§ Activity:
Every word in the data below belongs in your copy, exactly as given; the pictures do not.

§ Stored data entries:
+ + + + +

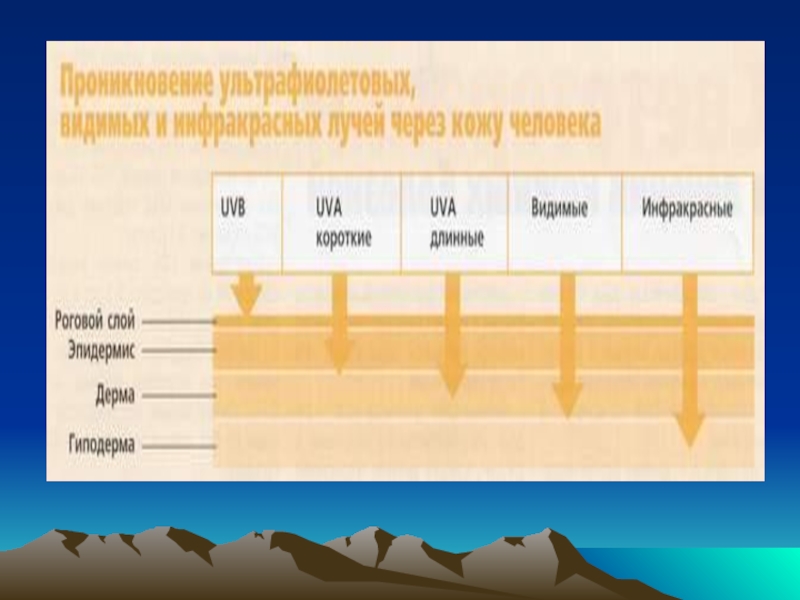 кожи, не вызывая ощущения тепла. Наибольшее количество поглощается эпидермисом. УФ-лучи
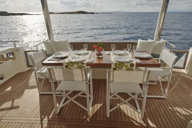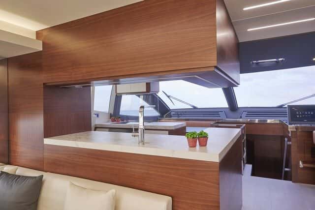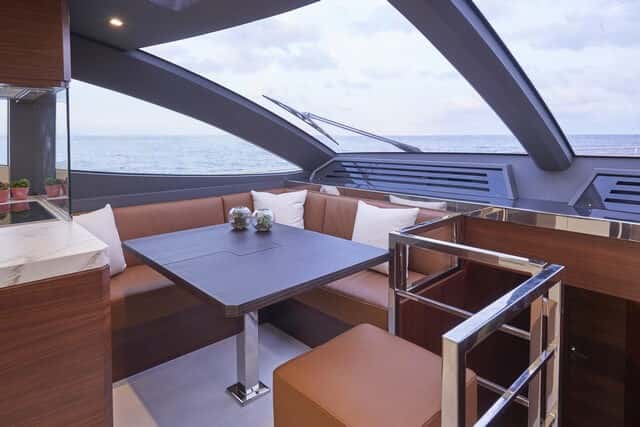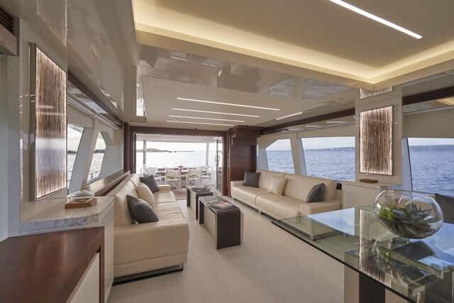 Circundado por grandes ventanales que proporcionan luz y vistas hacia el exterior, en el interior prima la estética contemporánea y detalles que resaltan la elegancia del barco, con un amplio salón comedor a un mismo nivel con la zona de cocina y el puesto de gobierno. La cubierta de popa se abre al salón a través de unas puertas de acero inoxidable triples haciendo de él una extensión de la cubierta. Los ligeros mamparos de roble exclusivos combinan a la perfección con una paleta de color que se extiende desde blanco a gris topo, con sofás de cuero en el salón y acentos de acero inoxidable pulido.
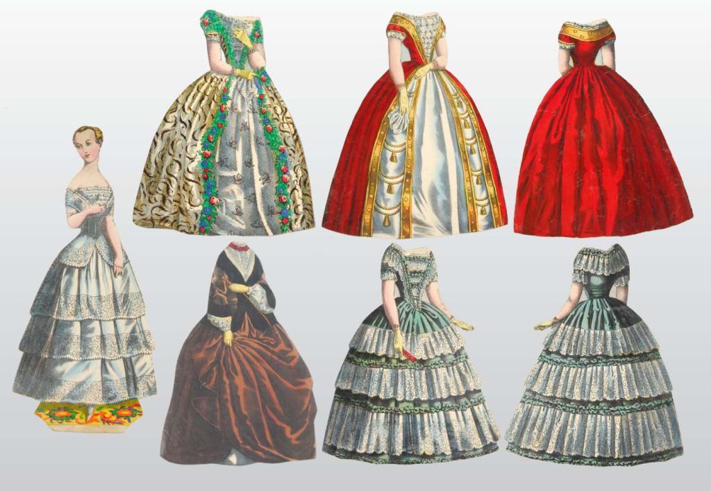 Description Circa 1850s. Two exquisite, identical front/back reinforced 9.75-inch ladies. There are nine front/back hand painted gowns, one shawl, and two hats. All have egg wash embellishment. Beautifully detailed clothing, vivid colors and in near mint condition.
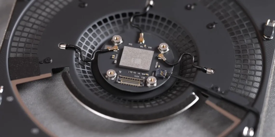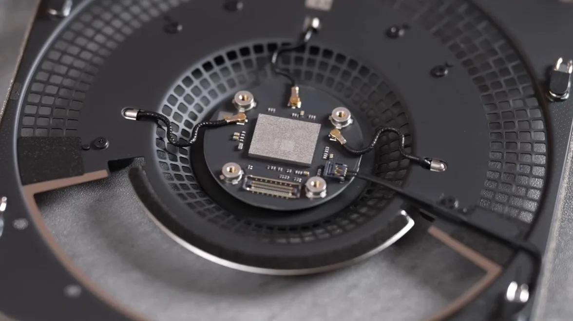 Max Tech, a YouTube reviewer, put that cramped design to the test — literally, by breaking the bottom black panel during a teardown. Still, that didn’t stop them from digging deeper. Among various items, they found a circular plate with many holes to allow both warm air and cool air to flow through the same path—a remarkable engineering feat. Teardown also discovered the antennas for better Wi-Fi and Bluetooth signals.
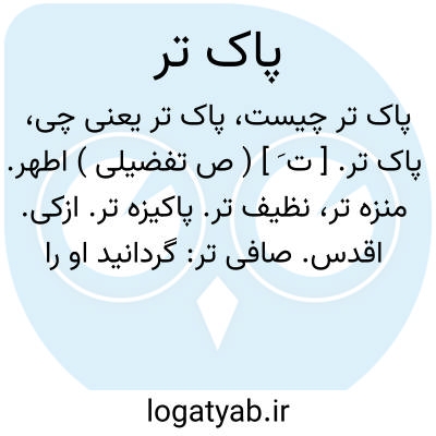 پاک تر. [ ت َ ] ( ص تفضیلی ) اطهر. منزه تر، نظیف تر. پاکیزه تر. ازکی. اقدس. صافی تر: گردانید او را بپاکی فاضلتر قریش از روی حسب... و پاکتر قریش از روی فرع. ( تاریخ بیهقی ).
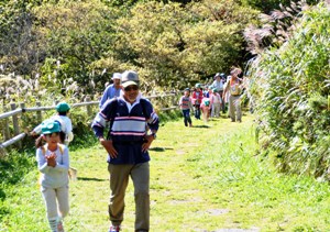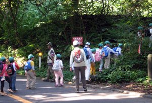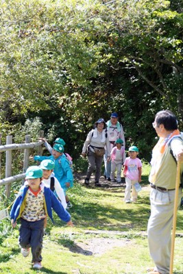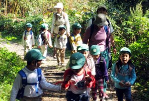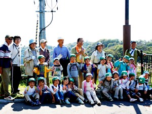 | 剱物副代表ほか4名がサポート隊として参加しました。お天気も晴れ上がり、初秋の函館山登山口は園児の皆さんを迎えてくれました。 (年長さん5才児)16名は、先生の“元気で登るゾー。エイエイオー。エイエイオーで、9時40分出発です。約1時間後の10時45分全員元気に頂上に到着です。頂上では、ペットボトルのお茶などを飲みひと息入れました。 防護柵につかまり遠望の「下北半島」を眺めていたリーダー格のT君が突然“ガンバレ福島・ガンバレ日本”と大きな声で叫びだしました。みんなで大合唱です。 来年1月に「香雪園」で行われる「雪遊び」での再会を約し、お別れしました。 |

+ + + + +

§ Exercise answer:
 кожи, не вызывая ощущения тепла. Наибольшее количество поглощается эпидермисом. УФ-лучи
 Circundado por grandes ventanales que proporcionan luz y vistas hacia el exterior, en el interior prima la estética contemporánea y detalles que resaltan la elegancia del barco, con un amplio salón comedor a un mismo nivel con la zona de cocina y el puesto de gobierno. La cubierta de popa se abre al salón a través de unas puertas de acero inoxidable triples haciendo de él una extensión de la cubierta. Los ligeros mamparos de roble exclusivos combinan a la perfección con una paleta de color que se extiende desde blanco a gris topo, con sofás de cuero en el salón y acentos de acero inoxidable pulido.
 Description Circa 1850s. Two exquisite, identical front/back reinforced 9.75-inch ladies. There are nine front/back hand painted gowns, one shawl, and two hats. All have egg wash embellishment. Beautifully detailed clothing, vivid colors and in near mint condition.
 Max Tech, a YouTube reviewer, put that cramped design to the test — literally, by breaking the bottom black panel during a teardown. Still, that didn’t stop them from digging deeper. Among various items, they found a circular plate with many holes to allow both warm air and cool air to flow through the same path—a remarkable engineering feat. Teardown also discovered the antennas for better Wi-Fi and Bluetooth signals.
 پاک تر. [ ت َ ] ( ص تفضیلی ) اطهر. منزه تر، نظیف تر. پاکیزه تر. ازکی. اقدس. صافی تر: گردانید او را بپاکی فاضلتر قریش از روی حسب... و پاکتر قریش از روی فرع. ( تاریخ بیهقی ).
 | 剱物副代表ほか4名がサポート隊として参加しました。お天気も晴れ上がり、初秋の函館山登山口は園児の皆さんを迎えてくれました。 (年長さん5才児)16名は、先生の“元気で登るゾー。エイエイオー。エイエイオーで、9時40分出発です。約1時間後の10時45分全員元気に頂上に到着です。頂上では、ペットボトルのお茶などを飲みひと息入れました。 防護柵につかまり遠望の「下北半島」を眺めていたリーダー格のT君が突然“ガンバレ福島・ガンバレ日本”と大きな声で叫びだしました。みんなで大合唱です。 来年1月に「香雪園」で行われる「雪遊び」での再会を約し、お別れしました。 |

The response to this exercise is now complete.